人工のクォーツストーンのカウンターは一般に、砕いた材料に樹脂と顔料を混ぜてつくられるが、クォーツァイトは天然の岩石だ。
「クォーツァイトは、クォーツよりも洗練された選択肢で、個性や深み、模様がいっそう際立ちます」と、ニクダオは言う。「この素材は、耐久性の高さでも愛されています」
コンセントの増設が人気のアップグレードに
コンセントが余分にあれば、複数のキッチン家電が使えるようになる。
Ana Anderson/Shuttershock
ノンフライヤーやジューサーのような、特定の用途に特化した家電が流行していることから、コンセントを追加してキッチンをアップグレードする人が増えている。
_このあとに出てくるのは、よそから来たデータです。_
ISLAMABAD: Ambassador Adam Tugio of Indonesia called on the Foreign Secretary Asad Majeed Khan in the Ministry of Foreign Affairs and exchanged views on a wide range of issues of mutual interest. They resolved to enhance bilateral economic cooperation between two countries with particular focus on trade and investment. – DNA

「昨今のキッチンには、家電が山ほどありますね。それに対応できるよう、コンセントを増設する傾向が見られます」とニクダオは言う。
さらにニクダオによれば、大きめのキッチン家電を目立たないように置くスペースの増設も、最近のキッチン・リノベーションの優先事項になっているという。
キッチン以外での食品収納が一般的に
創造性を発揮すれば、改築せずに収納スペースをアップグレードできる。
Pipas Imagery/Shuttershock
インテリア・キッチンデザイナーのスーザン・セラ(Susan Serra)は、2021年は通常のパントリー以外の場所での食品収納が流行になるかもしれないと話した。
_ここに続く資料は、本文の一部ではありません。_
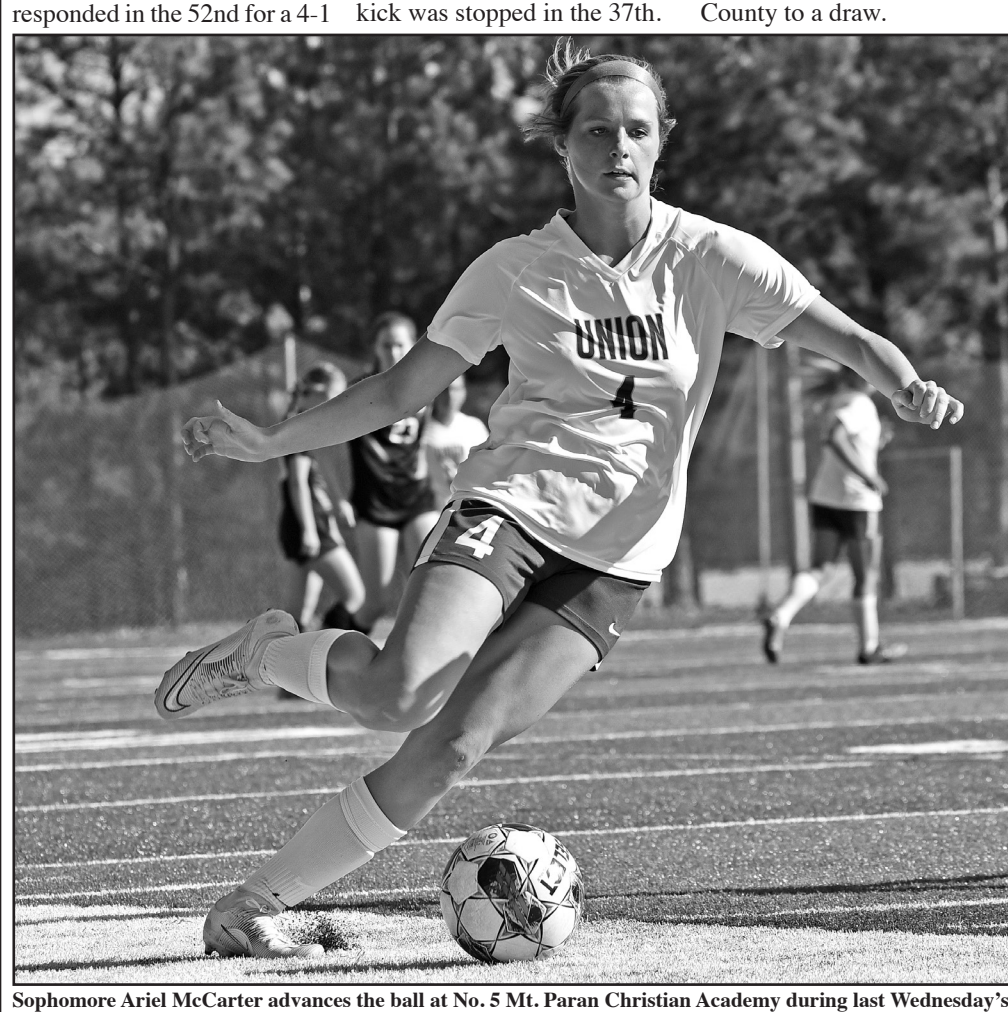
Sweet 16 matchup.

「パンデミックによって、人々は日用品や食品の備蓄を増やすようになっています」とセラは言う。
「2つ目の冷凍庫や広いパントリー、別の部屋にある家具を活用したキッチン収納がトレンドになりつつあります」
地下室やガレージにチェストタイプの冷凍庫を置いたり、クローゼットを食品保存庫に転用したりすれば、改築せずにキッチン収納を広げることができる。
シンクの大型化がトレンドに
広々としたシンクは、さまざまな用途に使える。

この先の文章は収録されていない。